January 22, 2008 is the 35th anniversary of Roe v. Wade, the Supreme Court decision recognizing that a woman’s constitutional right to privacy includes the right to choose to end a pregnancy. Without question, Roe is one of the leading examples, and certainly one of the most famous, of the Court’s vital role in protecting Americans’ individual rights and freedoms.

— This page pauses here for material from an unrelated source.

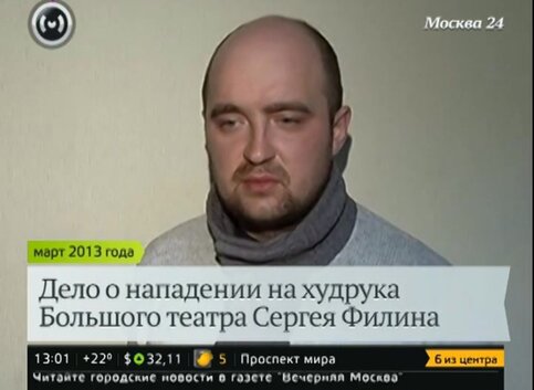 Напомним, вечером 17 января 2013 года неизвестный плеснул кислотой в лицо художественному руководителю балетной труппы Большого театра Сергею Филину. Народный артист России был госпитализирован с ожогами третьей степени.

The controversy that has surrounded Roe since it was decided not only serves to underscore the importance of the Court, but also of the election of Presidents to nominate individuals to fill vacancies on the Court and senators who decide whether or not to confirm those nominees. For decades, Religious Right activists have clamored for the appointment of justices to the Court who would overturn Roe, and have supported presidential and Senate candidates who embrace that agenda. There can be little question that their voices have been heard by President Bush, who has made anti-choice ideology a virtual if not actual litmus test for his selection of federal judges.
With Bush nominees John Roberts and Samuel Alito joining Justices Antonin Scalia and Clarence Thomas on the Supreme Court, it is quite likely that there are now four votes on the Court to overturn Roe. Indeed, Jeffery Toobin states in his recent book, The Nine, that conservatives seeking to "[r]everse Roe v. Wade and allow states to ban abortion" are "very close to total control. Within one vote, to be precise."
The next president will likely to have one or more vacancies on the Court to fill. The major Republican presidential candidates have either declared that they are anti-choice or have already promised to nominate justices in the mold of the four right-wing conservatives already on the Court.
If nothing else, it is clear that when it comes to protecting individual rights, the Court matters. And so do elections.